AWS_09_35_am_utc_bcca-19684-220523052908.log 531632 2022/07/23 09:35:18.263 [8868] GroupName='RG-Browsing-Allow-IPTEAM-Exception'
AWS_09_35_am_utc_bcca-19684-220523052908.log 531633 2022/07/23 09:35:18.263 [8868] GroupName='RG-Browsing-Allow-Online Storage and Backup'
AWS_09_35_am_utc_bcca-19684-220523052908.log 531634 2022/07/23 09:35:18.263 [8868] GroupName='RG-Browsing-Allow-Online Storage and Backup-RO'
AWS_09_35_am_utc_bcca-19684-220523052908.log 531635 2022/07/23 09:35:18.263 [8868] GroupName='RG-Browsing-Allow-Proxy Avoidance'
AWS_09_35_am_utc_bcca-19684-220523052908.log 531641 2022/07/23 09:35:18.263 [8868] GroupName='RG-Browsing-Allow-Weapons'
AWS_09_35_am_utc_bcca-19684-220523052908.log 532088 2022/07/23 09:41:40.675 [8868] GroupName='RG-Browsing-Allow-Web-based Chat'
AWS_09_35_am_utc_bcca-19684-220523052908.log 532569 2022/07/23 09:41:40.810 [8868] GroupName='RG-Browsing-Allow-Web-based Email'
AWS_09_35_am_utc_bcca-19684-220523052908.log 533058 2022/07/23 09:42:29.747 [8868] GroupName='RG-Browsing-Deny-Instant Messaging'
AWS_09_35_am_utc_bcca-19684-220523052908.log 533206 2022/07/23 09:42:29.779 [8868] GroupName='RG-Browsing-Deny-Social Networking'
AWS_09_35_am_utc_bcca-19684-220523052908.log 533276 2022/07/23 09:42:29.810 [8868] GroupName='RG-Browsing-Deny-Streaming Media'
AWS_09_35_am_utc_bcca-19684-220523052908.log 533277 2022/07/23 09:42:29.810 [8868] GroupName='Web & Internet Security'
AWS_09_35_am_utc_bcca-19684-220523052908.log 533278 2022/07/23 09:42:29.810 [8868] Group Membership:
AWS_09_35_am_utc_bcca-19684-220523052908.log 533279 2022/07/23 09:42:29.810 [8868] Group no: 0, member: no, invalid group name: '(File'
AWS_09_35_am_utc_bcca-19684-220523052908.log 533280 2022/07/23 09:42:29.810 [8868] Group no: 1, member: no, valid group name: 'AG-Aon-APAC-Townsend Compl'

This thread is just not getting run for 6-7 minutes possibly indicating another thread was locked at the time. 

Tracking the number of login requests at the time, we went from approximately 200-250 user logins per minute to about 15,000 when the change was applied!
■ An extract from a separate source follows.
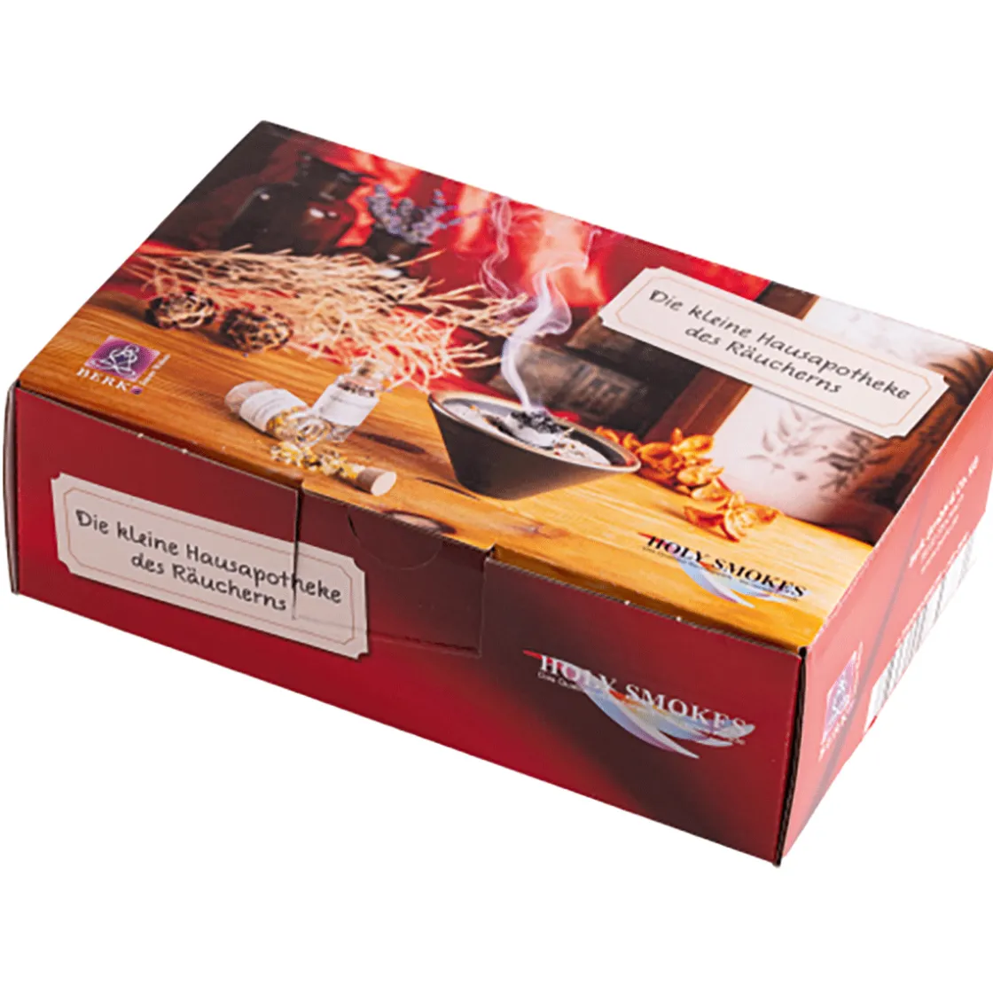Jeder Mensch kennt die Momente, in denen man ein wenig Ruhe oder Seelenbalsam benötigt. Die Zeit, in der wir leben, bringt uns immer wieder an unsere Grenzen und erfordert unsere ganze Kraft. Es gibt so viele unterschiedliche Situationen, in denen Räuchern uns von dem Ballast befreien kann und uns wieder näher zu uns führt. Ob wir nach einem langen Arbeitstag wieder Energie tanken, die Räume nach Streitigkeiten energetisch reinigen, den Schlaf fördern oder einfach mal abschalten wollen – in diesem Set findest du so einige, unterschiedliche Räucherstoffe und Räuchermischungen, um für so Allerlei gewappnet zu sein. Wie gut es ist, eine kleine Räucherapotheke zu Hause zu haben!In diesem Set findest du 12 Gläschen mit kraftvollen Räucherstoffen eingeteilt auf 4 große Themenbereiche. Ein Booklet führt durch die verschiedenen Anwendungsgebiete und erklärt ausführlich die Räucherstoffe und ihre Wirkung.Inhalt: Eine Räucherschale mit Sand, 12 Stk. Kohle ø 27 mm, Eine ausführliche Anleitung, 12 Räucherungen in 10 ml Gläschen zu den Themen:Gesundheit: Olibanum Harz, Kampfer, Krankheitsgeister vertreibenReinigung: Weißer Salbei, AurareinigungKraft tanken: Dammar, DurchschlafenSeelenbalsam: Palo Santo, Seelentrost, Myrrhe

When making a change to a group in the WSS policy (adding or removing), the WSS cache of group information for the tenant would be removed and all subsequent requests into WSS but undergo a login process via the Auth Connector to retrieve the groups.

The fix was to change the caching mechanism on WSS and avoid overloading the Auth Connector when a group change was performed in the policy.